Black-tailed prairie dog distribution is not limited by soil type, but by indirect effects of soil texture on moisture and vegetation. Colonies occur in many types of soil, including deep, alluvial soils with medium to fine textures, and occasionally gravel. Soil not prone to collapsing or flooding is preferred. Though they do not select specific types of soil to dig burrows, silty loam clay soils are best for tunnel construction. Surface soil textures in colonies near Fort Collins, Colorado, varied from sandy loam to sandy clay loam in the top 6 in (15 cm), with a sandy clay loam subsoil. In northern latitudes, colonies commonly occur on south aspects due to the dominance of grasses over shrubs and increased solar radiation during winter. Burrows usually occur on slopes more than 10°.

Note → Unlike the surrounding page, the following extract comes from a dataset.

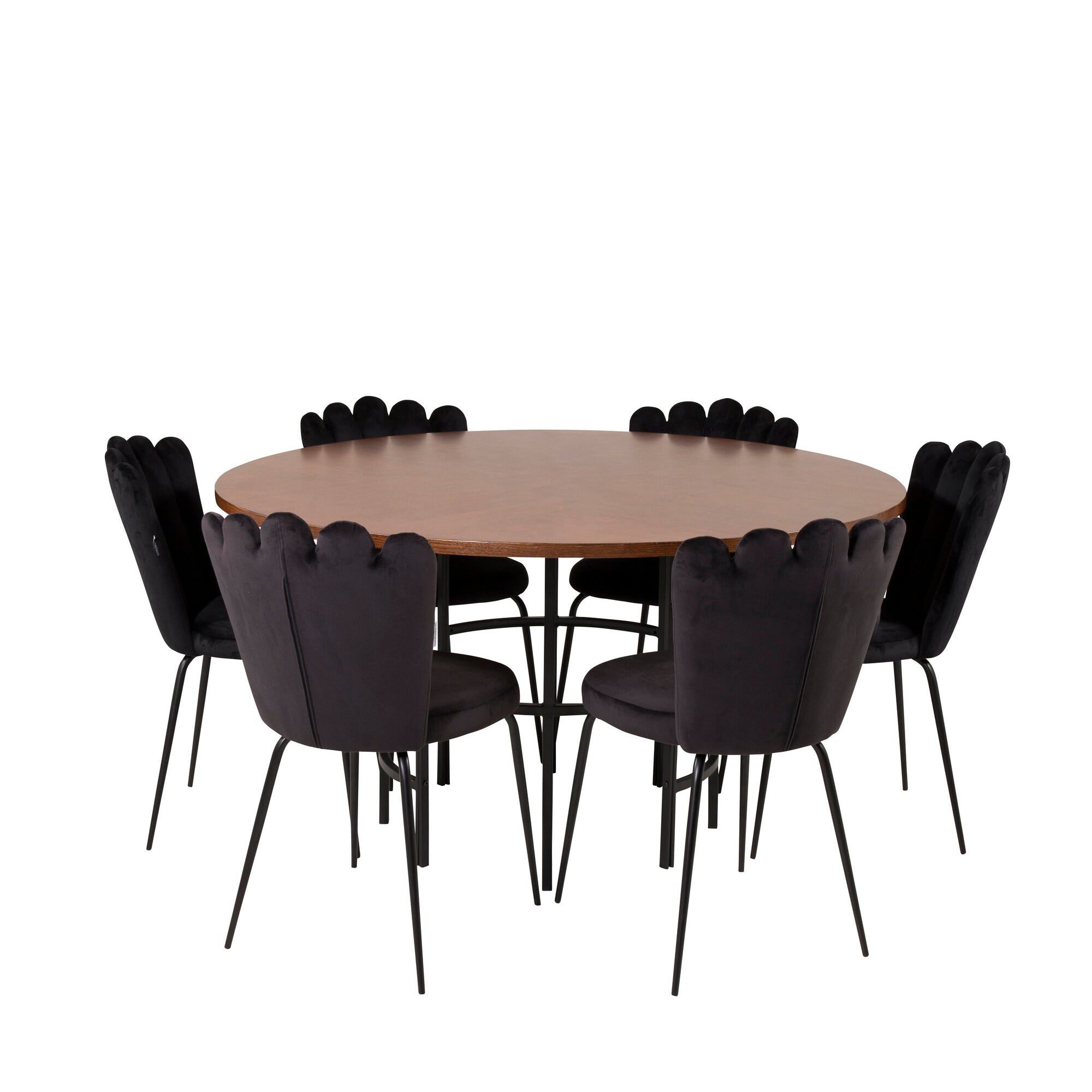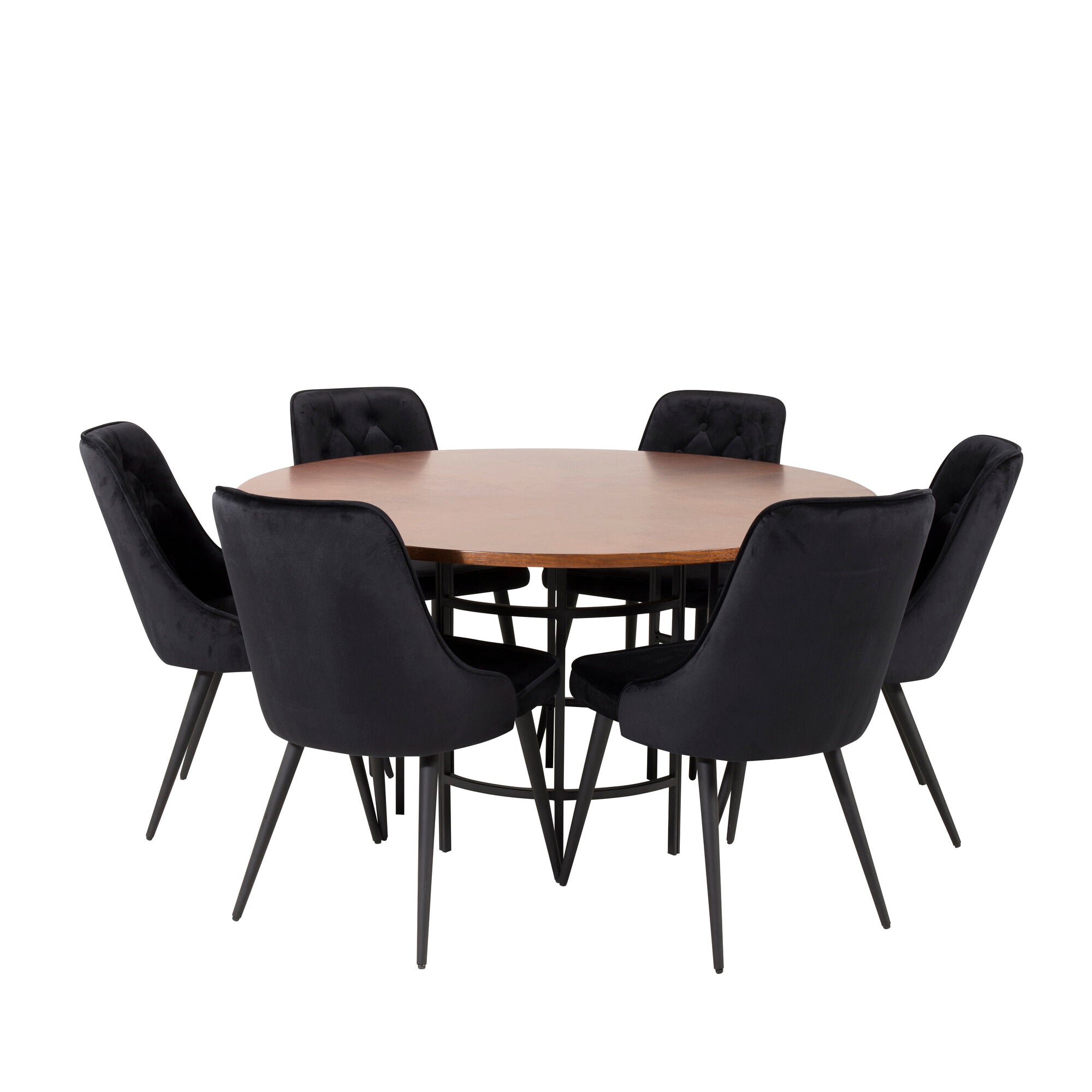 Copenhagen - Jídelní stůl kulatý - Hnědá / Černá+Velvet Deluxe Jídelní židle - Černé nohy / Black velvet_6

Black-tailed prairie dogs mix the soil horizons by raising soil from deeper layers to the surface. This may significantly affect the texture and composition of soil at different layers. Their feces, urine, and carcasses also affect soil characteristics.

===Home range and population density===
The home range and territorial boundaries of black-tailed prairie dogs are determined by the area occupied by an individual coterie. Coteries typically occupy about 1 acre.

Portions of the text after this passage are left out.